En ce qui concerne la réforme des pratiques, le point saillant en est certainement la révision en profondeur de l’action et de la réflexion dans le vaste champ de la «  pastorale  ». Envisagée jusqu’à la fin des années soixante dans une perspective d’application de la doctrine et réservée aux prêtres, la «  pastorale  » est rapidement passée de cette perspective déductive à une autre perspective, non pas tant inductive qu’interprétative, attentive aux événements et à l’expérience vécue. La section des études pastorales de la faculté de théologie de l’U. de Montréal a été pionnière à cet égard, les premiers travaux de Jacques Grand’Maison (1973) ayant stimulé l’élaboration collective d’une méthode de «  praxéologie pastorale  » (Nadeau, 1987) éprouvée au fil des années dans différents secteurs de la vie ecclésiale et mise en oeuvre dans de nombreux mémoires et thèses. Là et ailleurs (notamment à l’Institut de pastorale des dominicains), les «  études pastorales  » ont été, pour de très nombreux laïcs (fidèles non-ordonnés), un lieu de formation chrétienne et d’accès à des responsabilités dans l’institution ecclésiale. Elles ont fait l’objet de nombreuses études méthodologiques et épistémologiques, dans le cadre de réunions internationales (Visscher, 1990) ou des colloques annuels du Groupe de recherches en études pastorales (Ménard, 1991).

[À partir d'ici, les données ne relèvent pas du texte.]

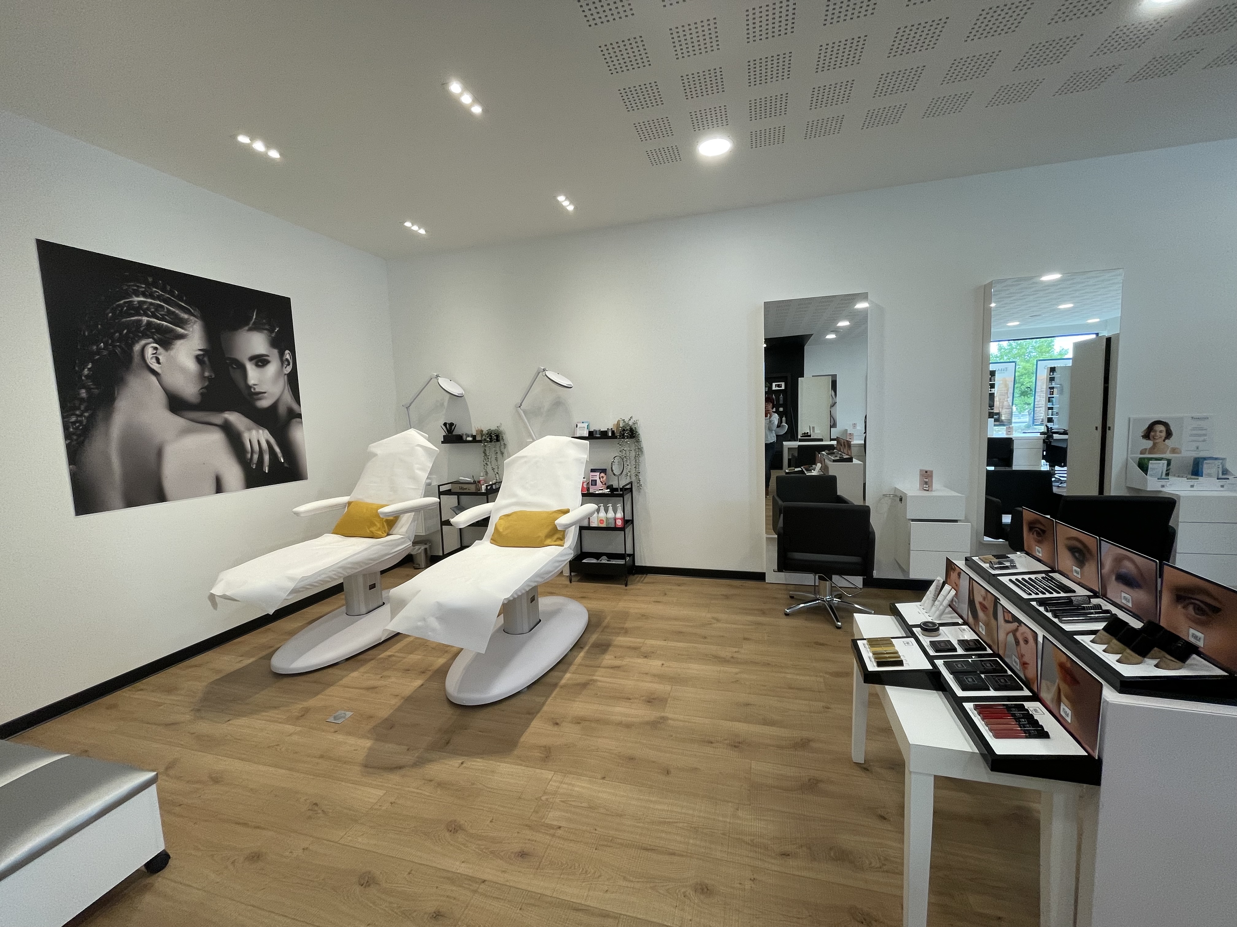 Spacieux. Réunit plusieurs services (coiffeur - manucure..). Accès facile. Stationnement tout près. Et très bonne coiffeuse.

Une expérience clé, en termes de décentrement par rapport à l’institution ecclésiale et d’attention à l’expérience vécue, a été menée dans les Basses-Laurentides par l’équipe de recherche-action dirigée par Jacques Grand’Maison et Solange Lefebvre (Grand’Maison, Baroni et Gauthier, 1995). Soucieuse de mettre au jour les préoccupations religieuses, morales et spirituelles des personnes interviewées, l’équipe a choisi de mener son analyse selon l’axe générationnel. La question de la transmission est apparue comme un enjeu clé de la recherche, avec son corollaire, celui de l’initiation. Elle est située sur fond d’un enjeu plus global, celui de la transmission de la culture.

Ces travaux, qui conduisent l’action pastorale aux lieux mêmes où se vivent les préoccupations spirituelles contemporaines, laissent entière la question de l’inscription institutionnelle du christianisme et, concrètement, de ses aménagements organisationnels, question souvent jugée seconde. L’avenir de la paroisse, ses réaménagements possibles et, plus largement, l’enjeu de traduire la localité de l’Église en des formes organisationnelles adaptées aux conditions sociales actuelles, tous ces éléments demeurent des enjeux actuels.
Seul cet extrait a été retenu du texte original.